DESIGNERS ARE PART OF THE PROBLEM
The problem isn’t solely with developers: even design schools take widely different approaches to training designers in good UX processes. When I went to design grad school (20 years ago), the UX process wasn’t taught at all. Designers, being creatives, also tend to like “getting creative” with the process, and they really don’t like feeling unduly constrained. Consequently, there is generally little consistency in individual UX designers’ approaches, given that their experiences and education have varied so widely.
CONSTANTLY PLAYING DEFENSE
What this means is that there simply is no well-recognized single industry standard for UX and UX processes. And the impact of that is that in nearly every company and every sector, UX designers and design leaders must constantly explain to nearly every stakeholder what they do, what they produce, what value they provide, AND how they work. Constantly being on “defense” about your existence and work process is demoralizing for veteran designers, and intimidating for junior designers.
ONE PROCESS TO END THE FRUSTRATION AND CONFUSION
When I first took on enterprise design leadership, I realized that a shared UX process standard could address many of these issues. A holistic, simple, and flexible process, including team roles and outputs, framed in plain language, and aligned to the software development lifecycle, could address so many UX designers’ day-day frustrations, improve UX quality and efficiency, and reduce inter-team friction — if it was well-documented, embraced and consistently implemented. That’s the promise of the UX 8-Steps framework.
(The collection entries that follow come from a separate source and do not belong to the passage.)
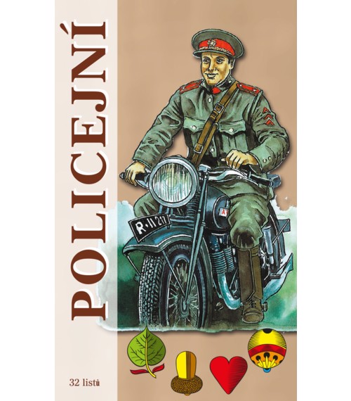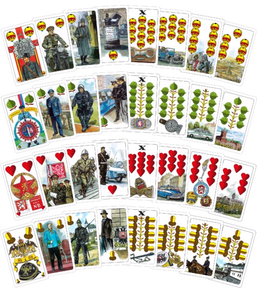 Soupravy klasických jednohlavých hracích karet (32 listů) obohacené o tématické reálie policejní - policejní motivy ze 4 historických období - Rakousko-Uhersko, 1. republika a protektorát, doba komunismu, současnost; uniformy, instituce, odznaky, věznice, obvyklé policejní činnosti.
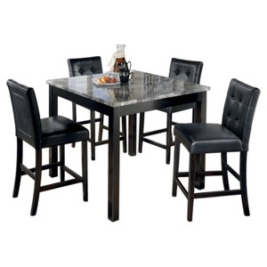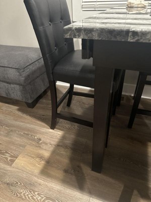 Dining Table Set Black for 4: Contemporary Square Faux Marble Top, Upholstered Vinyl Seats, Counter Height, 5-Piece Set
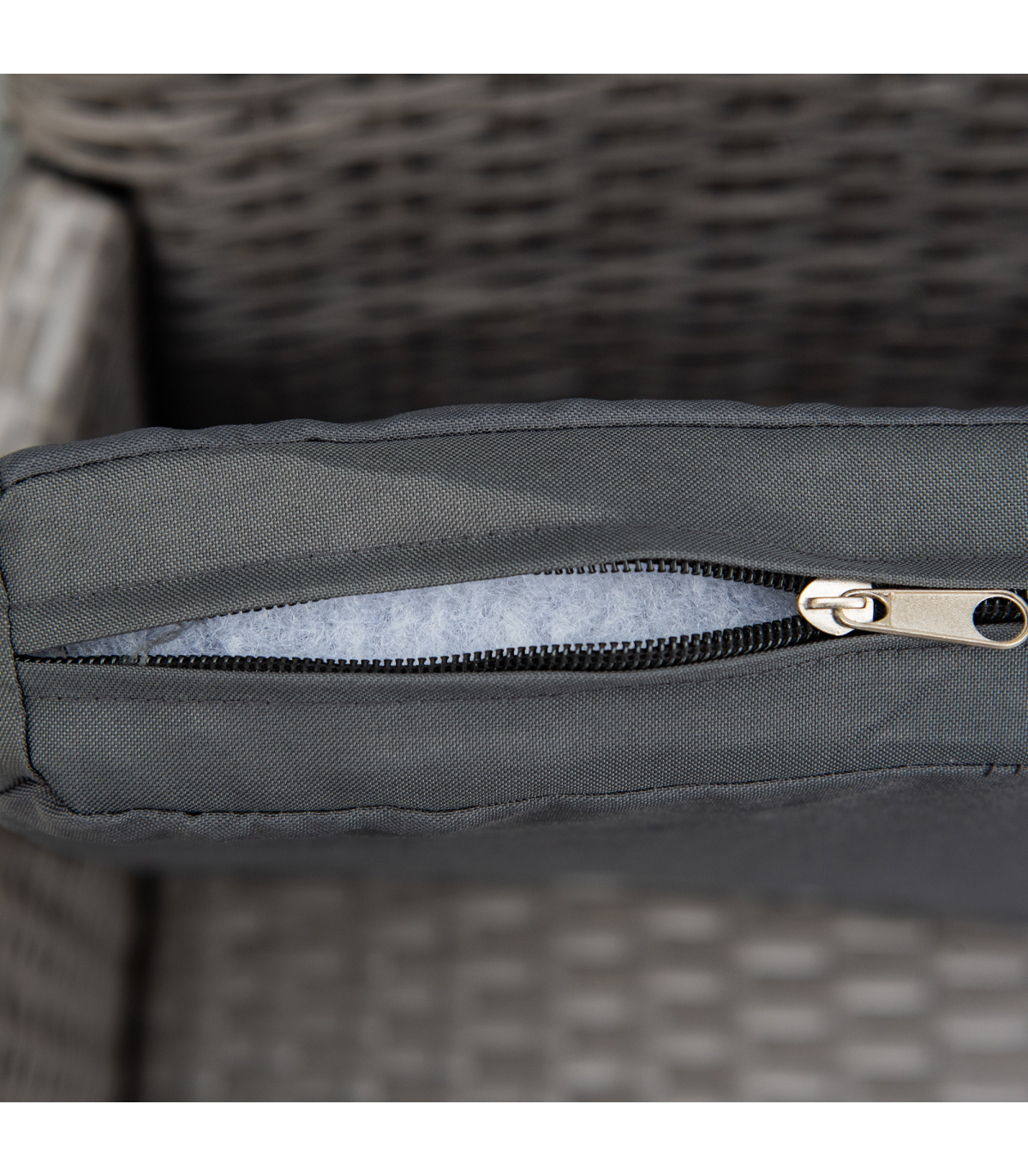 - Material: Galvanized metal, plastic rattan, fabric cushion
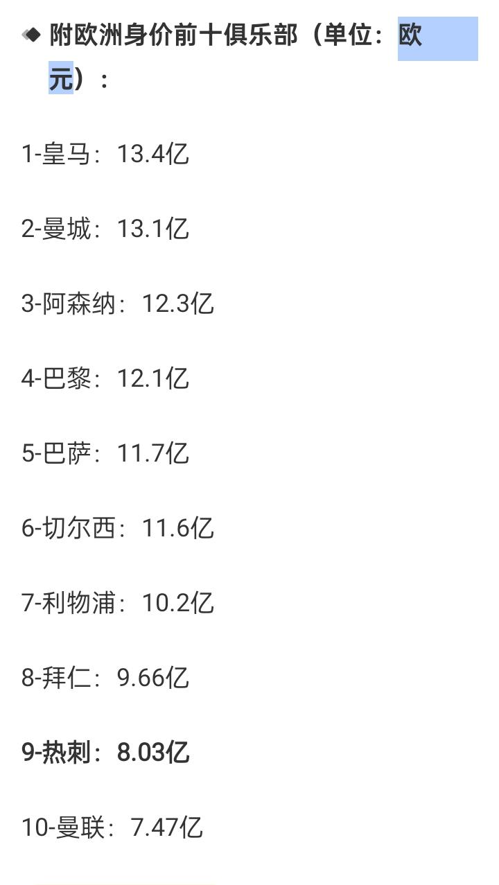 热刺目前全队身价8.03亿欧,排名欧洲第9,英超第5
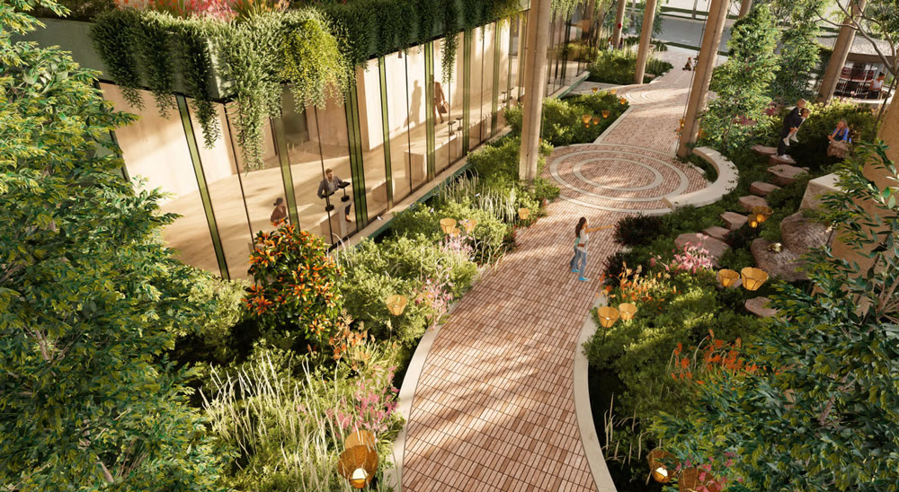 This landscaped space below the development plans to become an invitational, active, and publicly accessible place that links Bank St and Mollison St, visibly connected to the streetscape.
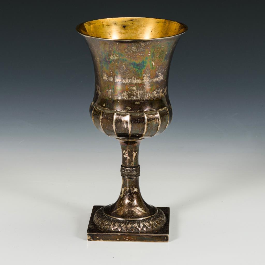 Kleiner Pokal mit Widmungsgravur: "Dem bewährten Freunde Frhr v. I und C v. I, geb. Grfn. R.". Altersspuren.
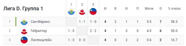 Сборная Сан-Марино получила повышение в классе. Две победы в четырёх матчах, семь очков, первое место. Как вам такое? Команда опередила Гибралтар всего лишь на одно очко. Вторую команду группы теперь ждут стыки за право сыграть в Лиге С.
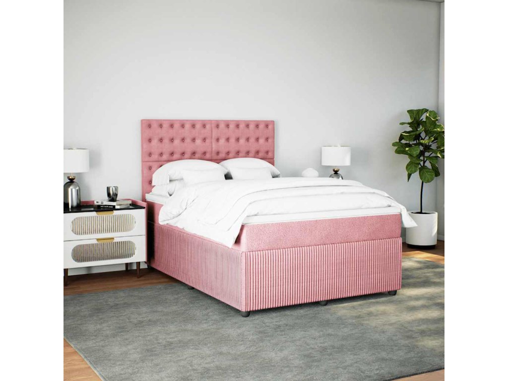 Multidom Posteľný rám boxsping s matracom ružový 140x200 cm zamat
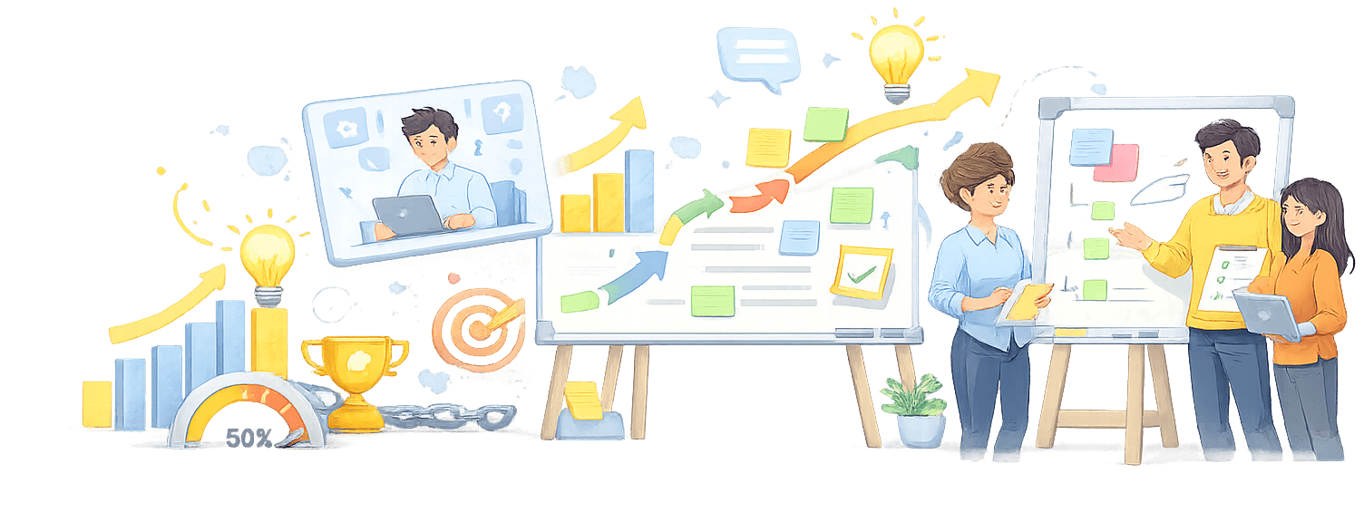 Akademie je místo pro lidi, kteří nechtějí „agile divadlo“, ale reálné zlepšení výsledků: rychlejší dodávky, vyšší předvídatelnost a méně reworku. Najdete tu kurzy, simulace a praktické šablony, které můžete použít hned.
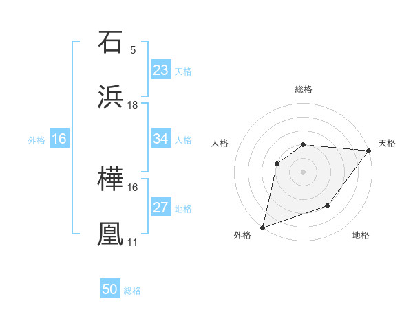 石浜 樺凰さんの総格は50画の2点!
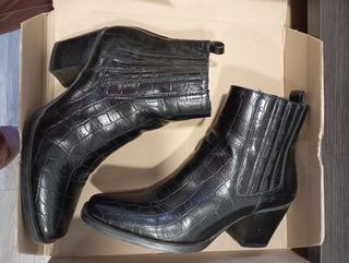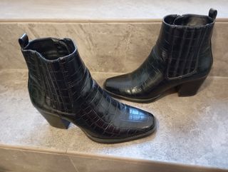 Botines negros muy cómodos!! - Efecto piel de cocodrilo. - Tacón cuadrado. - Punta cuadrada. - Cremallera lateral.
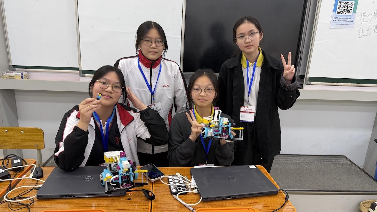 另外,在接力機械人賽中,中三及中四級學生團隊(包括3D鄭嘉鈴、4A鍾卓琳、4C陳文媛、鄧曉桐)設計兩台機械人,精準循線並運送接力棒至終點。本校作品憑藉穩定的效能,於兩次計分賽中均零失誤完成任務,最終勇奪亞軍。
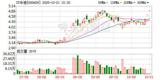 ST中迪(维权)盘中涨停,已连收3个涨停板,截至9:25,该股报4.90元,换手率0.07%,成交量19.49万股,成交金额95.50万元,涨停板封单金额为4.25亿元。连续涨停期间,该股累计上涨15.57%,累计换手率为3.17%。最新A股总市值达14.66亿元,A股流通市值14.26亿元。
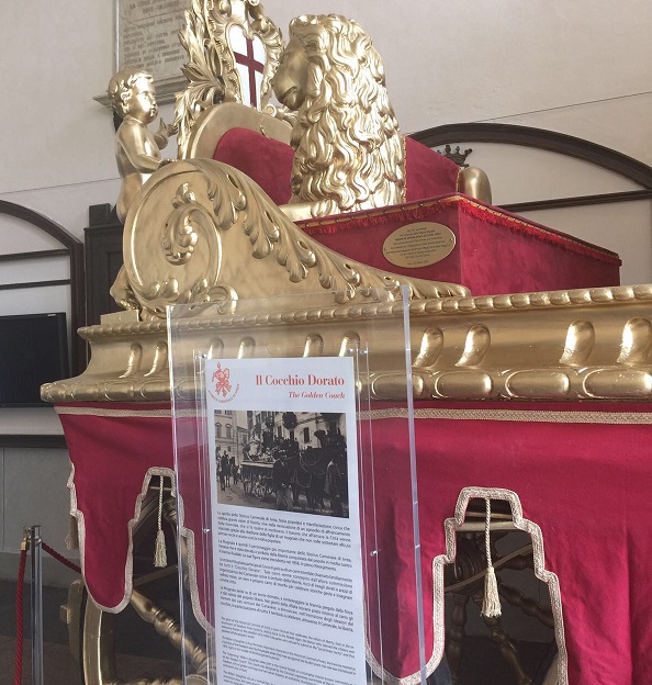 Il cocchio dorato, certamente uno dei simboli del Carnevale più cari agli eporediesi, torna a far bella mostra di sé nell’androne del Municipio. Alla chiusura del Carnevale il cocchio è stato, infatti, affidato alle cure di abili artigiani che, sotto la guida del mastro Eugenio Zanlorenzi, lo hanno riportato all’originario splendore.
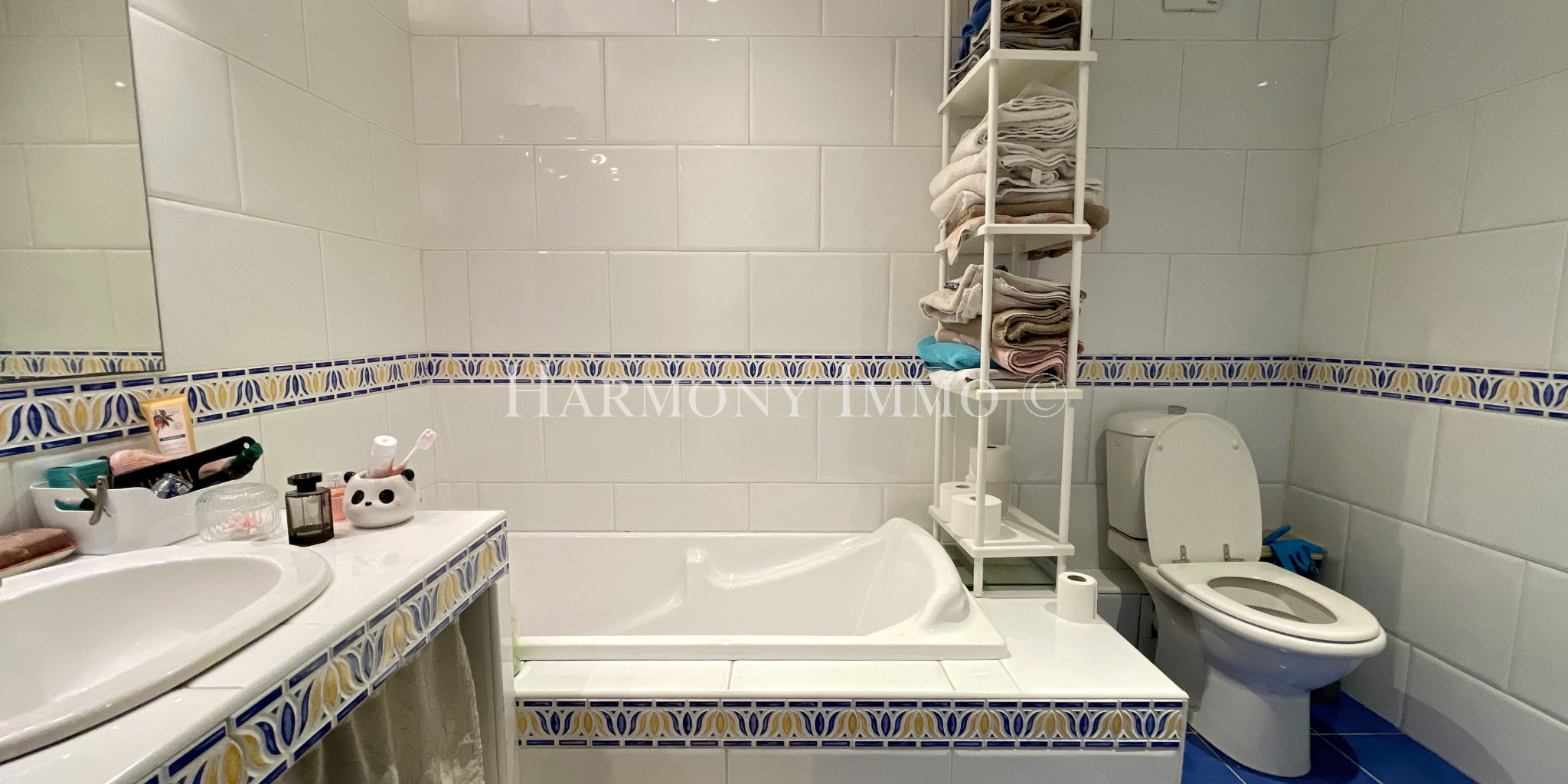 L'appartement dispose également d'une salle de bains avec douche et baignoire, d'un WC, et de nombreux rangements.
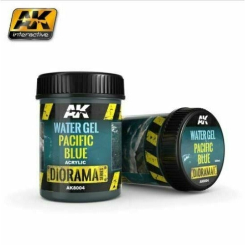 AK Interactive Water Gel Pacific Blue 250ml NewPacific Blue dense gel. Specially developed to mimic the waters of the Pacific Ocean. To create a sense of depth, apply the gel over a painted surface. Drying time is dependent on the amount used; however, 24 hours is what we recommend. This is a high quality acrylic product developed for extreme realism.Acrylic product for tex...
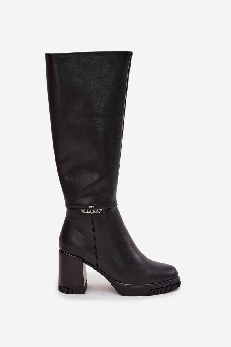 Dámske musketeerské čižmy z prírodnej kože na podpätku Vinceza 66826 Čierne

This blog post will describe the UX 8-steps, its history and differentiating features, and how VMware began to adopt it. I believe the 8-Steps can provide enormous value for any UX designer, enterprise UX team or software organization. Read on to see for yourself!
CONTEXT
ADDRESSING UX TEAM CHALLENGES: 8-Steps was introduced at VMware to alleviate common designer challenges that were shared during my first 100 days. Top UX team complaints included:
- Lack of clear product requirements or product roadmap
- Insufficient UX staffing/ resources in comparison to product and engineering team sizes; unrealistic expectations of designers
- Lack of understanding of the user/ persona who would use the product/ feature and their needs and goals
- Insufficient time, resources, access to users, and knowledge to conduct sufficient UX research and testing
- Exclusion of designers during planning and strategy; designers brought in only to ‘execute’ a feature, or fix a bad UI that had already been developed by engineers
- Lack of “design thinking” and cross-functional ideation or co-creation conception activities, like design sprints as part of the planning and release process to spur more innovation and collaboration
- Tendency to jump into designing one solution rather than designing or considering multiple approaches and then validating with users which is the best
- Lack of adherence to or knowledge of Clarity, VMware’s enterprise design system
- Lack of consideration of accessibility needs, or accessibility best practices
- Insufficient time and ability to address defects or design inconsistencies in the product before shipping; de-prioritization of UX in the backlog
- No metrics, telemetry, or analytics data on product/ feature usage that would be valuable to UXers
This is not an exhaustive list; I chose these challenges because these same concerns are voiced by UX teams in many enterprise tech companies. 8-Steps makes designers’ needs clear and addresses these and other concerns.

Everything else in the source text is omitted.